Artificial intelligence company Anthropic is preparing to brief the Financial Stability Board on potentially dangerous cyber vulnerabilities uncovered by its latest AI model, Mythos, intensifying concerns among regulators and banking leaders over the growing threat posed by advanced AI systems to the global financial sector.

According to reports from the Financial Times, the briefing follows a request from Bank of England Governor Andrew Bailey, who currently chairs the Financial Stability Board, the international body responsible for coordinating financial regulation across G20 economies.

The discussions are expected to involve finance ministries and central banks as regulators attempt to understand the implications of increasingly sophisticated AI systems capable of identifying weaknesses in digital infrastructure, software and web browsers that underpin the global banking system.

Anthropic, best known as the developer of the Claude chatbot, announced Mythos Preview last month, describing it as a cybersecurity-focused AI model capable of detecting vulnerabilities that have existed within systems for decades. The company has not yet released the model publicly.

While the technology has been positioned as a tool to strengthen cyber defenses, experts have warned that it could also provide malicious actors with unprecedented capabilities to identify exploitable weaknesses across critical infrastructure.

The concerns are particularly acute for banks, insurers and asset managers that continue to rely heavily on legacy technology systems, many of which were not designed to withstand AI-enhanced cyber threats.

An FSB spokesperson reportedly welcomed engagement with Anthropic and other technology firms on “emerging and frontier risks to global financial stability,” signaling growing recognition among regulators that AI risk management is becoming inseparable from broader financial stability oversight.

Bailey has emerged as one of the most vocal central bankers warning about the systemic implications of advanced AI models.

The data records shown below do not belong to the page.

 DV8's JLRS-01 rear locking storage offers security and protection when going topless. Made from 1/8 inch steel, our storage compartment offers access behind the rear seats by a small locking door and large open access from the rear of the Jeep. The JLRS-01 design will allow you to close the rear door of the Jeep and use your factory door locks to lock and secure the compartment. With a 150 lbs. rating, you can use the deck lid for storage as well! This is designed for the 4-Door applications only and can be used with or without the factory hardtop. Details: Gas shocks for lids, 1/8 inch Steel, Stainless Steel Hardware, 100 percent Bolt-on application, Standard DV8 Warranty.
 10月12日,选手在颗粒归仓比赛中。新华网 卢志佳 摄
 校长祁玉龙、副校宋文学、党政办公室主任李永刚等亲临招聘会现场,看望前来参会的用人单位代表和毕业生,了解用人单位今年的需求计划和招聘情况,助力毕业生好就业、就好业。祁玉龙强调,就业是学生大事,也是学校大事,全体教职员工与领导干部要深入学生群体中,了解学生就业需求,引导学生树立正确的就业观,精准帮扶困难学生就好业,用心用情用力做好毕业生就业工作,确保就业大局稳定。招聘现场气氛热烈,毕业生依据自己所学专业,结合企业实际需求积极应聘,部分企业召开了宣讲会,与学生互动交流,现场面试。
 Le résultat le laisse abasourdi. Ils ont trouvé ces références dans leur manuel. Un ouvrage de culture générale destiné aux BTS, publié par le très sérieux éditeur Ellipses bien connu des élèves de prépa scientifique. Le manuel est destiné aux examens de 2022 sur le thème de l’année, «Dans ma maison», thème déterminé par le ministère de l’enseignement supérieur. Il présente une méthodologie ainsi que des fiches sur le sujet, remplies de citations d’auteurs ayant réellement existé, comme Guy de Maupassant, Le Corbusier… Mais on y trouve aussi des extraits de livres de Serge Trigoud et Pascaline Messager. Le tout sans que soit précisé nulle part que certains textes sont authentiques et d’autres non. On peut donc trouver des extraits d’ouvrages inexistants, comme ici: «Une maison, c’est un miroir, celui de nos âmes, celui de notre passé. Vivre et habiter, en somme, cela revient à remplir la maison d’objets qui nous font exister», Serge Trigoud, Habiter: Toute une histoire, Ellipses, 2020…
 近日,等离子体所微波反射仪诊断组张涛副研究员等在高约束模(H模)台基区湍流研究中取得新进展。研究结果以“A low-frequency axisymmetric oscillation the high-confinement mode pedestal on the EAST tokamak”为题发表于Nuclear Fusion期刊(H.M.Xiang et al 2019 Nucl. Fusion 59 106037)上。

Speaking at an event at Columbia University in New York last month, he suggested that developments surrounding Mythos represented a potentially transformative moment in cyber risk.

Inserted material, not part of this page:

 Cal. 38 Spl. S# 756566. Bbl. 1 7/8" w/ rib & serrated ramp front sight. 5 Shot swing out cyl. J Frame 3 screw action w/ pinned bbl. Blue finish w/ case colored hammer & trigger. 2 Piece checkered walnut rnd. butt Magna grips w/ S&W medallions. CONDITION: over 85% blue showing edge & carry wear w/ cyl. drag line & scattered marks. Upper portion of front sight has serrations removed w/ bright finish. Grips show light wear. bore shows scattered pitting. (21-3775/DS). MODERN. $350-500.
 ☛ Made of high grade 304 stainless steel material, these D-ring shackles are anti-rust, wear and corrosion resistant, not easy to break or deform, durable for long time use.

“It would be reasonable to think that the events in the Gulf are the most recent challenge to us in this world, until you wake up to find that Anthropic may have found a way to crack the whole cyber risk world open,” Bailey said.

He added that regulators are increasingly focused on whether the new generation of AI systems can identify vulnerabilities in other platforms that could then be exploited for cyberattack purposes.

“The issue is - to what extent is this new version of the product going to be able to, in a sense, identify vulnerabilities in other systems which can be exploited for cyberattack purposes,” Bailey said.

The growing anxiety surrounding AI-enabled cyber risk comes at a time when financial regulators globally are already warning institutions about mounting operational resilience threats tied to geopolitical instability, cloud concentration risk and increasing dependency on third-party technology providers.

Industry analysts say the Mythos development could accelerate calls for stricter AI governance rules, enhanced cybersecurity stress testing and more aggressive oversight of how financial firms deploy generative AI technologies within core operations.

Some cybersecurity specialists have also warned that powerful AI systems may rapidly outpace the ability of regulators and financial institutions to fully understand the scale of the threat, particularly if malicious actors gain access to advanced vulnerability detection capabilities.

For the banking industry, the prospect of AI systems capable of exposing long-hidden weaknesses presents both an opportunity and a threat.

Used responsibly, such technology could strengthen cyber resilience and risk management. In the wrong hands, however, it could dramatically increase the scale, sophistication and speed of cyberattacks targeting global financial infrastructure.